WASHINGTON, D.C. – Today, America First Legal (AFL) released an educational document detailing yet another error in Alvin Bragg’s Manhattan District Attorney’s Office prosecution of President Trump in New York. This newest document, describing the unconstitutional ex post facto prosecution of President Trump, is the latest in a series of documents published by AFL revealing the numerous errors in Bragg’s politically motivated prosecution.
Article 1, Section 10 of the United States Constitution prohibits States from passing ex post facto laws–meaning laws that would impose criminal liability retroactively. The Supreme Court’s decision in Stogner v. California explains that authorizations of criminal prosecutions otherwise barred due to the passage of time are per se unconstitutional. Naturally, this protection against ex post facto laws should include protection against prosecution based on a purported extension of the statute of limitations by virtue of a unilateral executive order.

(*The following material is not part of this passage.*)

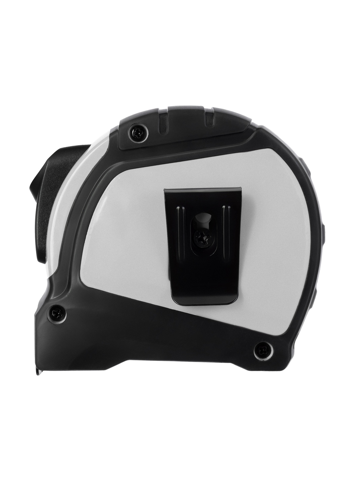 Разметка на ленту нанесена с одной стороны. Магнитный наконечник можно закрепить на металлической поверхности. Есть и классический зацеп для фиксации ленты или нанесения разметки. Механизм автоблокировки позволяет делать несколько замеров подряд – выдвинутая лента не сворачивается, пока не будет нажата кнопка на корпусе.

However, President Trump was indicted on March 30, 2023—more than six years after the earliest charge in the indictment, dated February 14, 2017, and exceeding the five-year statute of limitations. However, Judge Merchan determined that New York Governor Andrew Cuomo extended the time limit to file charges in all criminal cases when courts were disrupted by the COVID-19 pandemic in 2020, thereby extending the prosecution deadline by one year and 47 days in this case.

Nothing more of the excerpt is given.